В начале Великой Отечественной войны в Кабардино-Балкарию эвакуировали группу столичных деятелей культуры. Среди них была «старая гвардия» МХАТа: Владимир Иванович Немирович-Данченко, Ольга Книппер-Чехова, Иван Москвин и Василий Качалов.
«Москва нам снится каждую ночь», – писал Качалов из Нальчика словами чеховских трёх сестер. Однако, несмотря на ностальгию, ему здесь нравилось. «Нальчик – удивительно тихий и уютный городок. В чём-то даже патриархальный, – пишет актёр одному из своих знакомых. – Есть в нём какое-то особое очарование. Не в пример шумной и суетливой Москве, понятия «далеко» здесь не существует в принципе… По утрам гуляю в парке, слушаю пение птиц и вспоминаю нашу юность…».
В Кабардино-Балкарию столичные гости приехали в августе 1941 года. Качалов чувствовал себя скверно: он был уже немолод и к тому же сильно простужен, однако всем своим видом показывал, что бодр и здоров. В Нальчике актёр не сидел сложа руки: вместе с коллегами он принимал участие в концертах для бойцов Красной Армии, выступал в госпиталях и воинских частях.

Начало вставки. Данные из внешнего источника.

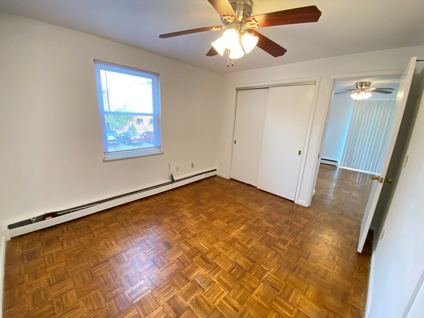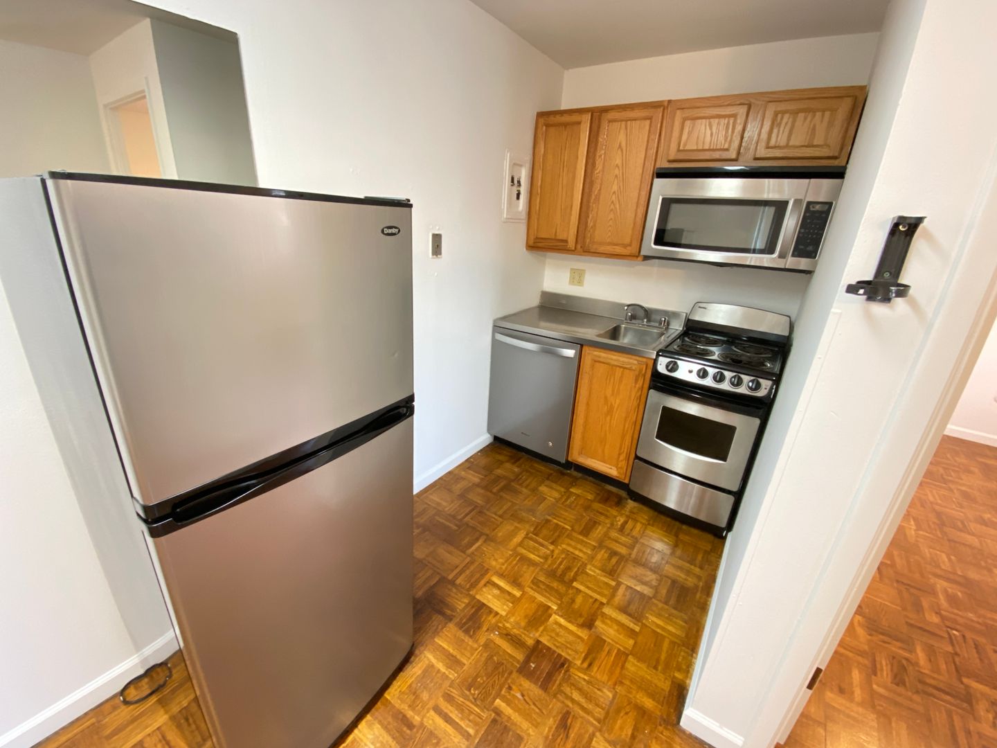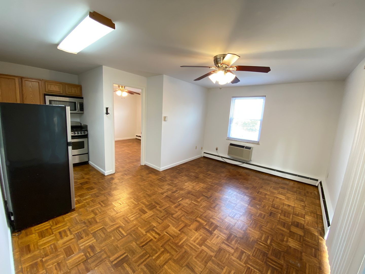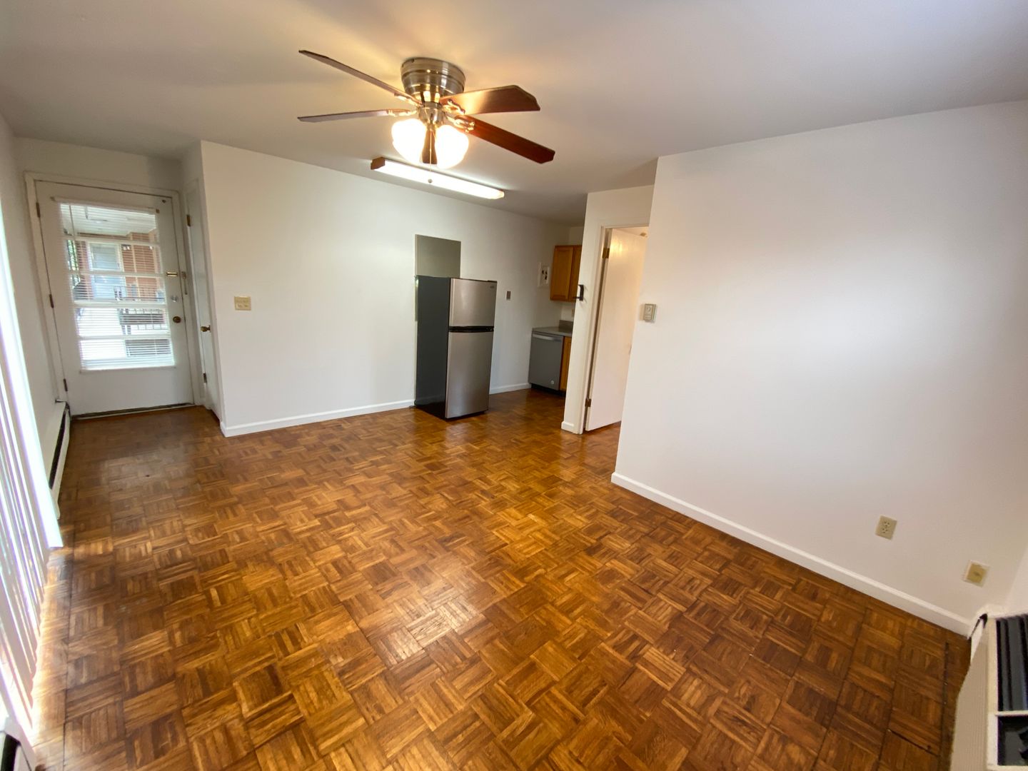 Great location on One way street , Step out on the private balcony and relax while you read or work. Additionally, there is a washer/dryer on-site and off-street parking available. Kitchen is complete with a stainless steel refrigerator and built in microwave. has AC and fans, parquet floors and is available now
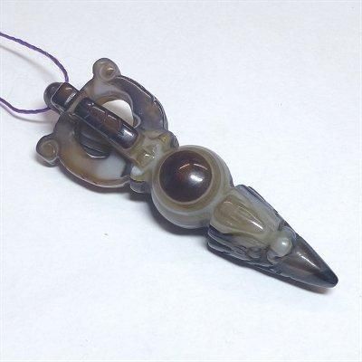 ・チベットめのう(天眼石)を加工して作られたブルパ(独鈷杵・金剛杭)です。
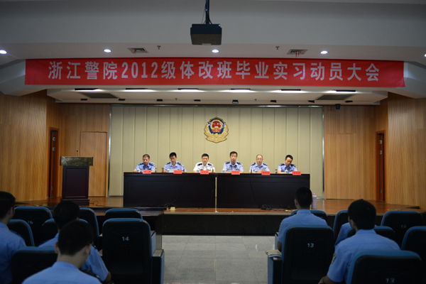 发表时间:2014-06-26 来源: 浏览量:次 2014年6月26日上午,浙江警察学院温州教学点举行2012级体改生毕业实习动员大会。会议由安防学院(筹)党委委员、市警校校长胡益逊主持。浙江警察学院继续教育学院院长钟华明,温州市公安局党委委员、安防学院(筹)副院长、纪委书记杨枝立等领导出席大会并作重要讲话。 首先,杨枝立副院长作了毕业实习动员讲话,其次胡校长宣读了实习小组组成和组长名单,然后学生代表胡上杰作了表态发言,最后钟华明院长作了重要讲话。
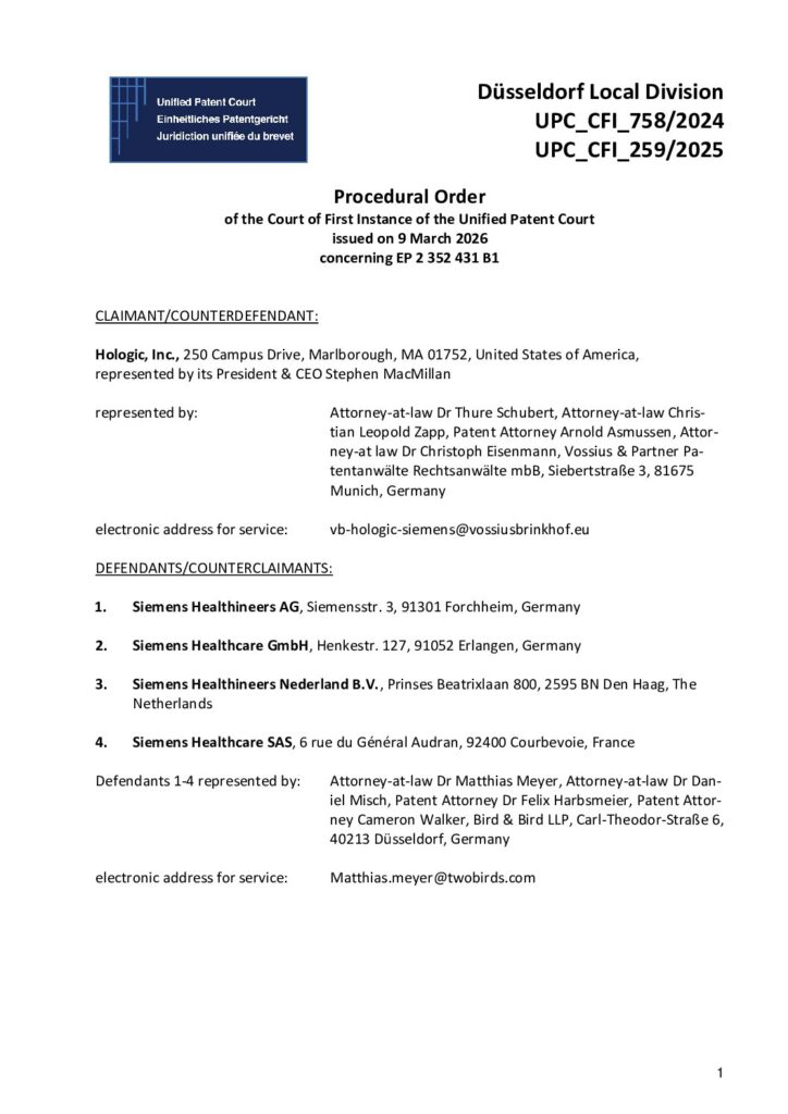 Defendants / Counterclaimants: Siemens Healthineers AG, Siemens Healthcare GmbH, Siemens Healthineers Nederland B.V., Siemens Healthcare SAS
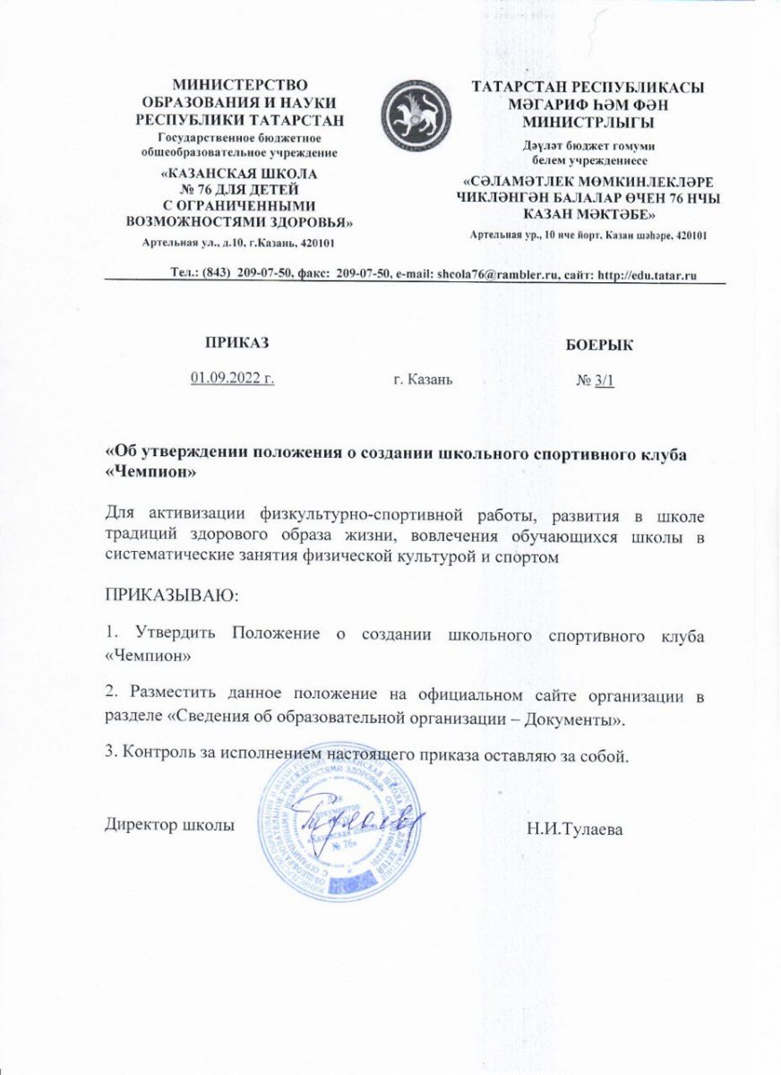 Приказ "Об утверждении положения о создании школьного спортивного клуба "Чемпион"
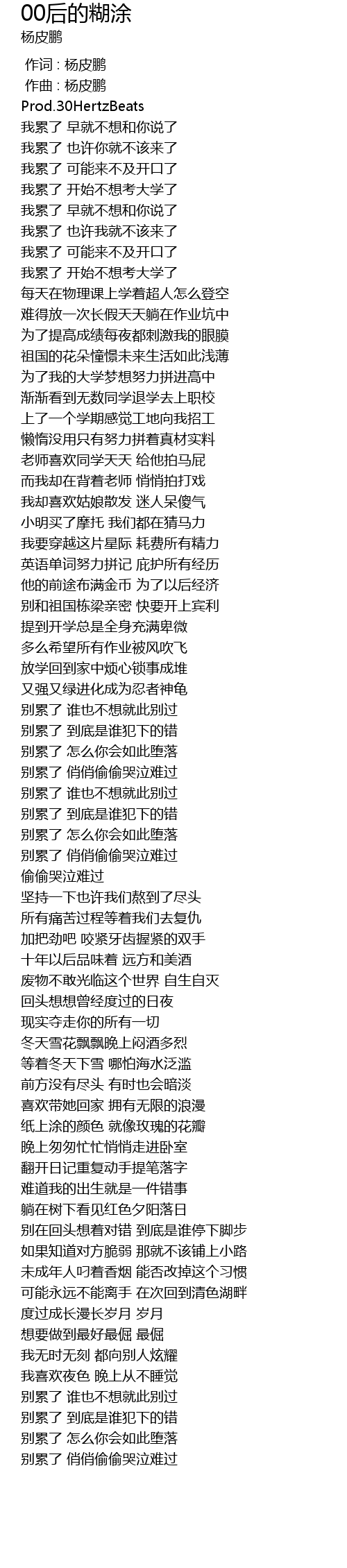 | [00:39.602] | wo lei le kai shi bu xiang kao da xue le |
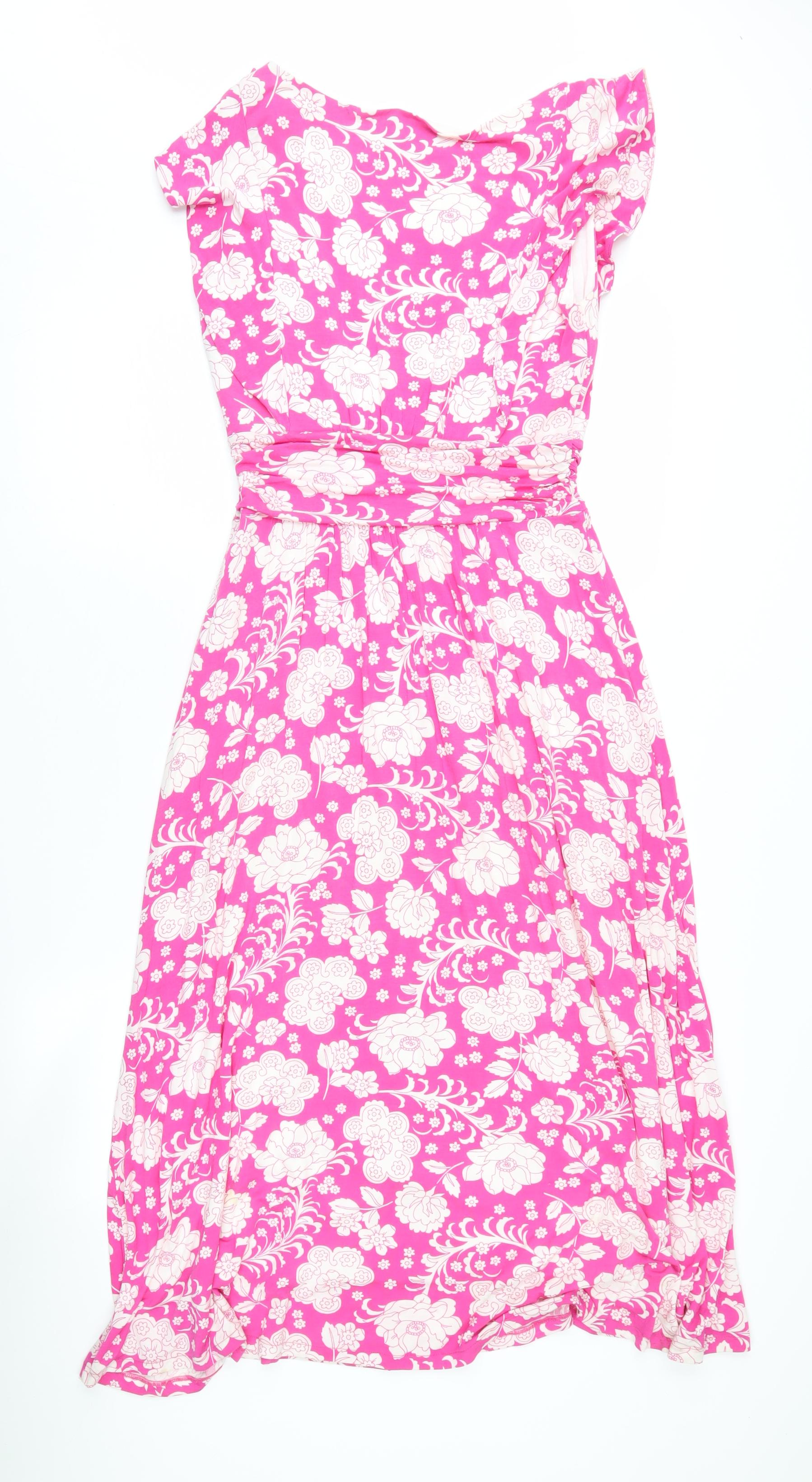 Elevate your wardrobe with this charming Boden A-Line dress, perfect for those vibrant spring and summer days. Crafted for women, this dress celebrates femininity with its delightful pink floral pattern. Cut in a flattering midi length, it is designed to offer both comfort and style for casual and special outings alike. Ideal for warm weather, this dress boasts a breathable woven fabric, primarily made of viscose for a soft feel against the skin, with a hint of elastane for a slight stretch to ensure ease of movement. The boat neck design adds a touch of elegance and sophistication, harmonising beautifully with the overall classic A-line silhouette. The dress incorporates a zip closure for a secure and streamlined fit while the lined interior offers comfort and structure. Although it is pre-owned, it remains in excellent condition with a minor imperfection that is barely noticeable and does not detract from its overall charm. This dress promises to be a versatile addition to your collection, effortlessly transitioning from casual daytime wear to an evening out. Whether paired with sandals for a relaxed look or dressing it up with heels, this pink floral midi dress by Boden is sure to become a staple in your wardrobe. Secure it today and embrace the perfect blend of style and comfort.
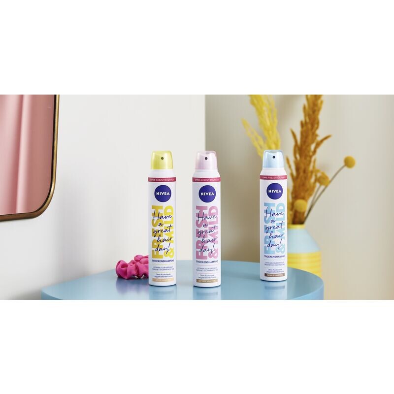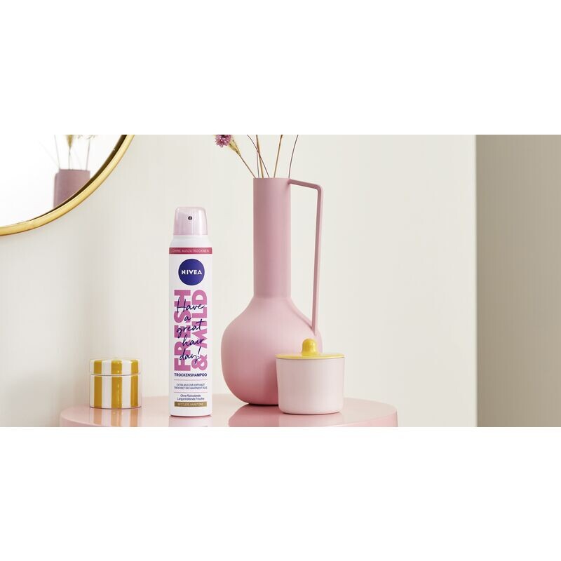 Для мгновенного ощущения свежести: сухой шампунь NIVEA Fresh & Mild Medium Hair Tones.

Наскоро сколоченная сцена, раненые солдаты, Качалов, читающий своим низким глубоким голосом: «Жди меня, и я вернусь / Всем смертям назло./ Кто не ждал меня, тот пусть / Скажет: – Повезло. /Не понять, не ждавшим им, /Как среди огня /Ожиданием своим /Ты спасла меня». Звенящая тишина, сотни глаз, устремлённых на великого артиста. Как вспоминал Москвин, Качалов в такие минуты как-то особенно преображался.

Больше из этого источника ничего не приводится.